--- START ---
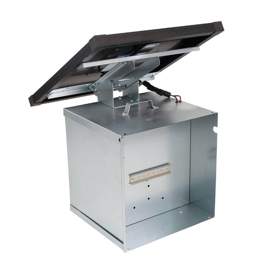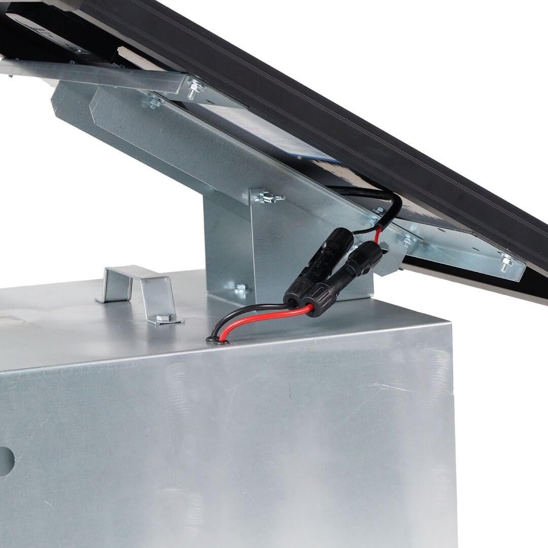 Systém na solárne nabíjanie batérie elektrického ohradníka. Sada neobsahuje zdroj a batériu. Batériu a vhodný zdroj s kombinovaným napájaním je potrebné dokúpiť.
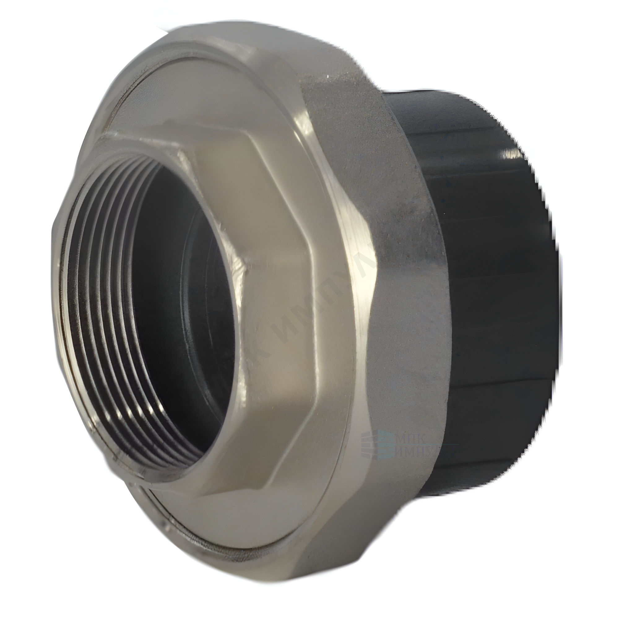 Муфта НПВХ разъемная Дн 50х1 1/2″ серая ВР под клеевое соединение Aquaviva AQVBBD50F
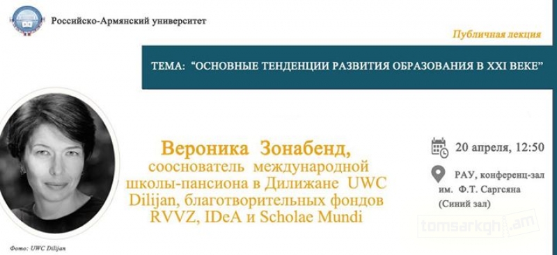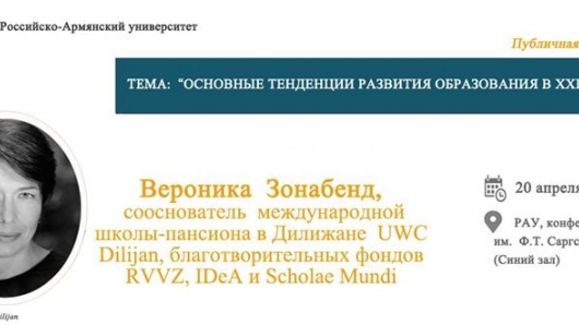 20 апреля в 12:50 в конференц-зале им. Ф.Т. Саргсяна РАУ (Синий зал) состоится публичная лекция Вероники Зонабенд, сооснователя международной школы-пансиона в Дилижане UWC Dilijan, благотворительных фондов RVVZ, IDeA и Scholae Mundi, которые реализуют в России и Армении долгосрочные благотворительные проекты, направленные на устойчивое развитие.
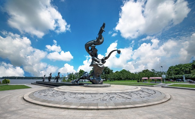 五马渡广场是东晋五马渡江上岸处,也是达摩一苇渡江处。
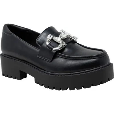 Chase And Chloe Rhinestone Bit Platform Loafer In Black
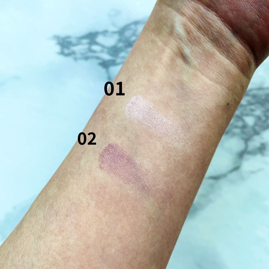 粉質もラメも細かくて良い感じ! ツヤ感ってより目元がパッと明るくなる感じのハイライトです。 塗ると一気にラメでツヤ感でる! 粉質しっとりしててラメってよりパール感がすごくて一気にツヤ肌なれる! この中では1番ラメ感強め! 程よいラメ感でツヤ感もあり!透明感出る! これ本当に値段で悩んだんだけどすごい上品な艶感出るやつだった! これはもう艶感一択! あとこれだけ粉じゃなくてクリーム系。そしてラメじゃなくてパール。 指にとってトントンするといい感じにツヤ感でる!
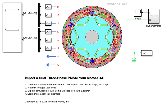 この例では、六相モーター設計を Motor-CAD から Simscape™ シミュレーションにインポートする方法を示します。この独特なモーターは、デュアル Y 結線で構成されています。この例は実装の派生を提示するものであり、これを変更して他の巻線構成を表すことができます。
--- END ---
▸ **EXERCISE DIRECTIONS**:
Word for word, return the material above; the pictures stay out.

▸ **RESULT OF THIS EXERCISE**:
 Systém na solárne nabíjanie batérie elektrického ohradníka. Sada neobsahuje zdroj a batériu. Batériu a vhodný zdroj s kombinovaným napájaním je potrebné dokúpiť.
 Муфта НПВХ разъемная Дн 50х1 1/2″ серая ВР под клеевое соединение Aquaviva AQVBBD50F
 20 апреля в 12:50 в конференц-зале им. Ф.Т. Саргсяна РАУ (Синий зал) состоится публичная лекция Вероники Зонабенд, сооснователя международной школы-пансиона в Дилижане UWC Dilijan, благотворительных фондов RVVZ, IDeA и Scholae Mundi, которые реализуют в России и Армении долгосрочные благотворительные проекты, направленные на устойчивое развитие.
 五马渡广场是东晋五马渡江上岸处,也是达摩一苇渡江处。
 Chase And Chloe Rhinestone Bit Platform Loafer In Black
 粉質もラメも細かくて良い感じ! ツヤ感ってより目元がパッと明るくなる感じのハイライトです。 塗ると一気にラメでツヤ感でる! 粉質しっとりしててラメってよりパール感がすごくて一気にツヤ肌なれる! この中では1番ラメ感強め! 程よいラメ感でツヤ感もあり!透明感出る! これ本当に値段で悩んだんだけどすごい上品な艶感出るやつだった! これはもう艶感一択! あとこれだけ粉じゃなくてクリーム系。そしてラメじゃなくてパール。 指にとってトントンするといい感じにツヤ感でる!
 この例では、六相モーター設計を Motor-CAD から Simscape™ シミュレーションにインポートする方法を示します。この独特なモーターは、デュアル Y 結線で構成されています。この例は実装の派生を提示するものであり、これを変更して他の巻線構成を表すことができます。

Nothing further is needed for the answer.